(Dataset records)
BEGIN
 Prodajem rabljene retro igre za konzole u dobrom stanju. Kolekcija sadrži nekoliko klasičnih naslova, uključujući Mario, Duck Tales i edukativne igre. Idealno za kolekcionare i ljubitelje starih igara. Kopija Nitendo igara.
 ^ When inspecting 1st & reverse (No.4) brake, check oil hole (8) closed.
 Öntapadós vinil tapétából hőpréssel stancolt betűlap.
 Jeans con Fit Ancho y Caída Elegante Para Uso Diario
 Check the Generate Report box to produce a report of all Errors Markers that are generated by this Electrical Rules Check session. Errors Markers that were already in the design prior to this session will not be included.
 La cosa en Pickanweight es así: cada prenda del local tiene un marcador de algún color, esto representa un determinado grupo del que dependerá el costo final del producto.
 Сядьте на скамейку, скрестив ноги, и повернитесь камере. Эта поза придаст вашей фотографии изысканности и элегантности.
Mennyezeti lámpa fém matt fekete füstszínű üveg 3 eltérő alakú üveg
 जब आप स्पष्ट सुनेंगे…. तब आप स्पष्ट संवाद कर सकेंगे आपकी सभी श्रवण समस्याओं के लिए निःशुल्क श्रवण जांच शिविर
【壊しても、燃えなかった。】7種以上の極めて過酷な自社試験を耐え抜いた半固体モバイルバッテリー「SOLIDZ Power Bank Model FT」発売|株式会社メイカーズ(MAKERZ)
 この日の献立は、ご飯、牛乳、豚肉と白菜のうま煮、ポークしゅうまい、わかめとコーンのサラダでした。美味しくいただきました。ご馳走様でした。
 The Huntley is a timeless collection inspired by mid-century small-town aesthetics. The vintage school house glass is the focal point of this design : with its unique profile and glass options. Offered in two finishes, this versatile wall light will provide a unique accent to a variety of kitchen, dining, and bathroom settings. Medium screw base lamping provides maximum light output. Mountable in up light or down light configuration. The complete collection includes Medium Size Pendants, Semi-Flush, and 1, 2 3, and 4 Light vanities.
END
**PROBLEM TO WORK ON:** Each entry shown above is to be duplicated exactly.

**WRITTEN REPLY:**
 Prodajem rabljene retro igre za konzole u dobrom stanju. Kolekcija sadrži nekoliko klasičnih naslova, uključujući Mario, Duck Tales i edukativne igre. Idealno za kolekcionare i ljubitelje starih igara. Kopija Nitendo igara.
 ^ When inspecting 1st & reverse (No.4) brake, check oil hole (8) closed.
 Öntapadós vinil tapétából hőpréssel stancolt betűlap.
 Jeans con Fit Ancho y Caída Elegante Para Uso Diario
 Check the Generate Report box to produce a report of all Errors Markers that are generated by this Electrical Rules Check session. Errors Markers that were already in the design prior to this session will not be included.
 La cosa en Pickanweight es así: cada prenda del local tiene un marcador de algún color, esto representa un determinado grupo del que dependerá el costo final del producto.
 Сядьте на скамейку, скрестив ноги, и повернитесь камере. Эта поза придаст вашей фотографии изысканности и элегантности.
Mennyezeti lámpa fém matt fekete füstszínű üveg 3 eltérő alakú üveg
 जब आप स्पष्ट सुनेंगे…. तब आप स्पष्ट संवाद कर सकेंगे आपकी सभी श्रवण समस्याओं के लिए निःशुल्क श्रवण जांच शिविर
【壊しても、燃えなかった。】7種以上の極めて過酷な自社試験を耐え抜いた半固体モバイルバッテリー「SOLIDZ Power Bank Model FT」発売|株式会社メイカーズ(MAKERZ)
 この日の献立は、ご飯、牛乳、豚肉と白菜のうま煮、ポークしゅうまい、わかめとコーンのサラダでした。美味しくいただきました。ご馳走様でした。
 The Huntley is a timeless collection inspired by mid-century small-town aesthetics. The vintage school house glass is the focal point of this design : with its unique profile and glass options. Offered in two finishes, this versatile wall light will provide a unique accent to a variety of kitchen, dining, and bathroom settings. Medium screw base lamping provides maximum light output. Mountable in up light or down light configuration. The complete collection includes Medium Size Pendants, Semi-Flush, and 1, 2 3, and 4 Light vanities.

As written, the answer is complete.